Finding my true self…
Thursday, November 29, 2012
I think one of the reasons why I have not been able to say I am completely happy with myself is because I do not know what my calling in life is. I do not have a real passion for any activity or task I currently do. Is this possible? I look at others around me and I can see their passion for cooking, teaching, dancing, painting, selling, etc. What about me? How is it that I have not found that one thing that can get me excited?
I certainly feel that this is what truly affects me when I over eat or do not eat healthy. I think I am just bored at life so I eat… In an attempt to kill my boredom I decided to do card making. It has turned out to be great and expensive. However, it is not my real passion.

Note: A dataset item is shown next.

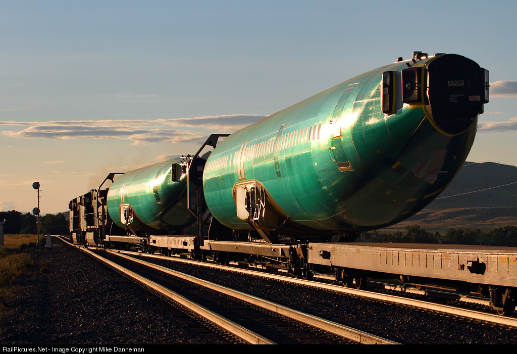 Glinting fuselages Two Boeing 737 fuselages follow the power of a westbound BNSF train back on to the main line at West Winston, Montana, at sunset on June 29, 2017. These fuselages are built by Spirit AeroSystems, and are being shipped from Wichita, Kansas, to Boeing in Renton, Washington, for final assembly. They are shipped on specially-modified BNSF 89-foot flatcars and besides being a wide load, the length of the fuselage is over 100 feet, so idler flatcars are also used for each one, under the tail section. The “green” color of these fuselages is a thin protective coating applied at the factory to prevent the aluminum skin from oxidizing during shipment, and is removed before the airplane is painted.

I happen to be good at it, or at least that’s what my friends say, but I am having a hard time finding a passion that I can make into a career.
Maybe what is making me think of this the most is that I have a wonderful fiancé who happens to have his dream job and loves it. I can see how he is happy and I want the same type of happiness.
So today I have decided to do some volunteer work… I will start looking for jobs I can do in my spare time and see what interests me. I have some interest in possibly teaching, I seem to be good a coaching other, so why not explore the options.
Anyway, going a bit long on this one… In conclusion, I need to find Jenel in the midst of it all and still make a living, be a good future wife, be a good sister, be a good daughter, and be good to me. Am I asking for a lot? :)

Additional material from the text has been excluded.